Am J Med Genet A. 2004 May 1;126A(4):423-6. doi: 10.1002/ajmg.a.20610.
We report on a case of an interstitial duplication of 11q in a patient with developmental delay and in his moderately delayed mother. Partial trisomy 11q is well documented in the literature with most cases involving the distal region of the long arm of chromosome 11. In almost all cases, this trisomy is associated with monosomy of the second chromosome involved in the parental translocation. The most common, partial 11q and 22q trisomy syndrome, is observed in offspring of t(11;22)(q23;q11.2) carriers from a 3:1 tertiary trisomic malsegregation. We found only two previous reports of pure partial trisomy 11q in the literature. Comparison of the clinical findings of our patient and another single published report of duplication in the same segment of chromosome 11 suggests that the duplication of this region manifests mild phenotypic abnormalities.

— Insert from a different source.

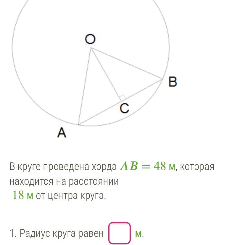 Треугольник AOB - р/б, т.к. AO=OB(радиусы окр.). Следовательно, OC является и медианой(по св-ву р/б треуг.). AC=CB=24м. По теореме пифагора в треугольнике OCB находим радиус=30м. Площадь = pi*r^2, т.е Площадь = pi*900=900pi.
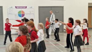 We had a taster session from a professional Taekwondo coach. We learned new flexibility drills and how to hold a pad safely so that we could practise kicking with each other!

我们报告了一例患有发育迟缓的患者及其中度发育迟缓的母亲存在11q间质重复的病例。文献中对部分11q三体有充分记载,大多数病例涉及11号染色体长臂的远端区域。几乎在所有病例中,这种三体都与亲本易位中涉及的第二条染色体单体相关。最常见的部分11q和22q三体综合征,是在t(11;22)(q23;q11.2)携带者的后代中通过3:1的三级三体性错误分离观察到的。我们在文献中仅发现两篇关于纯部分11q三体的先前报道。对我们患者的临床发现与另一篇关于11号染色体同一区段重复的单一已发表报告进行比较,表明该区域的重复表现出轻度的表型异常。